# Puppy hates to be brushed



## Jlheagy (Feb 9, 2011)

I have had lily about 11 days now and she is a 9 1/2 week old golden doodle. I have been trying to brush her a little bit here and there to get her used to it, but she hates it! As soon as she sees the brush she tries to attack it! Any tips?

Also wondering about brushing her teeth. Do I start now, or when she gets her permanent teeth? What is the best way to go about this?

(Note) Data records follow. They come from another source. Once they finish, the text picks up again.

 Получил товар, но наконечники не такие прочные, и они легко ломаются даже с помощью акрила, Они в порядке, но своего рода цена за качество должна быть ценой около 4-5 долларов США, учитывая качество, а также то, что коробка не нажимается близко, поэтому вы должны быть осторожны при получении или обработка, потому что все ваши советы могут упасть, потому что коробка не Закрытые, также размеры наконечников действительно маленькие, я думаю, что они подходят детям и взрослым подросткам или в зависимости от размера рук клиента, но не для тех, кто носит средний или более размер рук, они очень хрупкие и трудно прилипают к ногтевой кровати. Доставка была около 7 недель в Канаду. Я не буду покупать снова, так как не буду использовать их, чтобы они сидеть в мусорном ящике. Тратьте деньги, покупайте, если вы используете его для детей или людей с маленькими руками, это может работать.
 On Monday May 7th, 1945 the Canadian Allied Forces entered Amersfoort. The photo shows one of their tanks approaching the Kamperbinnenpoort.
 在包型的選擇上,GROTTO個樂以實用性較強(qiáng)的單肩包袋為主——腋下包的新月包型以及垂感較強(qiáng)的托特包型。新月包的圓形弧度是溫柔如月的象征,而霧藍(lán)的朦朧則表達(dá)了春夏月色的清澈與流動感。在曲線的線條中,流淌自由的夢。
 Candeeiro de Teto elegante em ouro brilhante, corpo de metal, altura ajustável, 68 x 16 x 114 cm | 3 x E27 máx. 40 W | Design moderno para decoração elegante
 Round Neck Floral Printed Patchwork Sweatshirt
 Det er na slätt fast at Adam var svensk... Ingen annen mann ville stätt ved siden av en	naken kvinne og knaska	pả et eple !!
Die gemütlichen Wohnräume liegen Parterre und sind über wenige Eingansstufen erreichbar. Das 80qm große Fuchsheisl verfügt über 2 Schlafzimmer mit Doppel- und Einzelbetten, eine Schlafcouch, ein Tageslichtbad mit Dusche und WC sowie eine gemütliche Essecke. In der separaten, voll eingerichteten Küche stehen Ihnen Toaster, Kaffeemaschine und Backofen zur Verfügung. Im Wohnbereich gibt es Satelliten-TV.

Thanks for any suggestions!


----------



## Graco22 (Jul 16, 2007)

Use a soft brush right now since she is so young. A rubber brush, or a bristle brush, not a slicker. Rub her with it, and do not let her bite at it. Put her up on a small table/washing machine and have someone hold her collar to keep her from falling off. This helps establish "training time" with on the floor/lap love play time. Teach her to stand for it, not lay down or lay in your lap. When she bites or wiggles, tell her no, and reposition her, then continue. Always end on a good note, with her being still and behaved. These sessions shouldn't be longer than 4-5 minutes at this age. As her coat grows, you will need to upgrade to a good slicker brush and a comb. As soon as she is 12 week old and has her final puppy shot she needs to go to the groomers for a bath/tidy so she can get used to the process there and the dryers, etc. The younger the better. And the more often the better on the young puppies. Golden/poodle mixes have very high maintenance coats, so be prepared for very regular grooming, and brushing and combing at home if you would like to keep any length on her. 

You can start getting her used to tooth brushing now, rather than waiting for adult teeth to come in. Right now it won't be as much about doing a good job, but about teaching her to tolerate the process, so that when the adult teeth come in, she is behaving well for you to get them brushed effectively. Also handle her feet, between her feet, ears, tail, etc. so that she is used to being handled everywhere.


----------



## Charis (Jul 12, 2009)

Our Siberian Husky hated - hated - hated the brush when we rescued her. We found a favorite chew - one she loved and gave it to her. We sat on the floor and as she chewed we praised as she only chewed and did not disturb the brush. Every grooming session we gave her a favorite chew to distract her. She still is not a huge fan of the brush without her chew but she sits still for grooming. Positive association.


----------